Bypassing Zeek's file extraction processor by twisting Content-Type
Hello Zeek's community!
Zeek (master and 4.1) corrupts extracted PE executable from an HTTP response if the request has a non-expected Content-Type. Here is a proof-of-concept PCAP with two HTTP responses returning the same file but with different Content-Types. The first one with the right Content-Type "application/x-msdownload" and another one with "message/rfc822".
Zeek extracts the first one correctly to:
/example.exe
dcb7bd00e64b07b676e61adc6182801d476b35524e57ac76395ce81dc6e45921
hexdump -C extract-1632487597.528663-HTTP-Fddoxgz03LJucdMWd | head -n 10
00000000 4d 5a 90 00 03 00 00 00 04 00 00 00 ff ff 00 00 |MZ..............|
00000010 b8 00 00 00 00 00 00 00 40 00 00 00 00 00 00 00 |........@.......|
00000020 00 00 00 00 00 00 00 00 00 00 00 00 00 00 00 00 |................|
00000030 00 00 00 00 00 00 00 00 00 00 00 00 80 00 00 00 |................|
00000040 0e 1f ba 0e 00 b4 09 cd 21 b8 01 4c cd 21 54 68 |........!..L.!Th|
00000050 69 73 20 70 72 6f 67 72 61 6d 20 63 61 6e 6e 6f |is program canno|
00000060 74 20 62 65 20 72 75 6e 20 69 6e 20 44 4f 53 20 |t be run in DOS |
00000070 6d 6f 64 65 2e 0d 0d 0a 24 00 00 00 00 00 00 00 |mode....$.......|
00000080 50 45 00 00 4c 01 05 00 b4 3e e0 5a 00 16 00 00 |PE..L....>.Z....|
00000090 f8 01 00 00 e0 00 07 03 0b 01 02 38 00 0a 00 00 |...........8....|
...
The second one extracts to:
/example_twisted.exe
c012669f1ca703bd3d0bc5a85f6c989c46cf923db253ac2ce8d439a847848c6b
hexdump -C extract-1632487612.848029-HTTP-FMpTBX1I0eWzLLvf7f | head -n 10
00000000 24 00 00 00 00 00 00 00 50 45 00 00 4c 01 05 00 |$.......PE..L...|
00000010 b4 3e e0 5a 00 16 00 00 f8 01 00 00 e0 00 07 03 |.>.Z............|
00000020 0b 01 02 38 00 0d 0a 00 00 00 12 00 00 00 02 00 |...8............|
00000030 00 20 12 00 00 00 10 00 00 00 20 00 00 00 00 40 |. ........ ....@|
00000040 00 00 10 00 00 00 02 00 00 04 00 00 00 01 00 00 |................|
00000050 00 04 00 00 00 00 00 00 00 00 60 00 00 00 04 00 |..........`.....|
00000060 00 ec 55 00 00 03 00 00 00 00 00 20 00 00 10 00 |..U........ ....|
00000070 00 00 00 10 00 00 10 00 00 00 00 00 00 10 00 00 |................|
00000080 00 00 00 00 00 00 00 00 00 00 50 00 00 f4 02 00 |..........P.....|
00000090 00 00 00 00 00 00 00 00 00 00 00 00 00 00 00 00 |................|
...
This is not exactly a bug BUT malware writers can exploit this behavior to hide their second-stage payload from sandboxes extracting payloads from PCAP using Zeek.

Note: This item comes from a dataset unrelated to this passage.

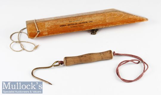 Hardy Silver Devon Wooden Tackle releaser with instructions to one side plus Hardy Ford’s patient salmon carrier, both items with maker’s details (2)

Thank you very much and congratulations on this amazing tool!
Cheers, Marcos
Zeek (master and 4.1) corrupts extracted PE executable from an HTTP response if the request has a non-expected Content-Type.
Looks like this comes from the specific content-type that's used here (message/rfc822): If I change the type into something else unknown but not message/*, it works as expected. The HTTP analyzer is special-casing message/* parsing, so it's probably an issue on that code path. Will need some more digging to trace what's going on, but my guess is that it starts parsing the data as a sub-entity, without forwarding the content to file analysis.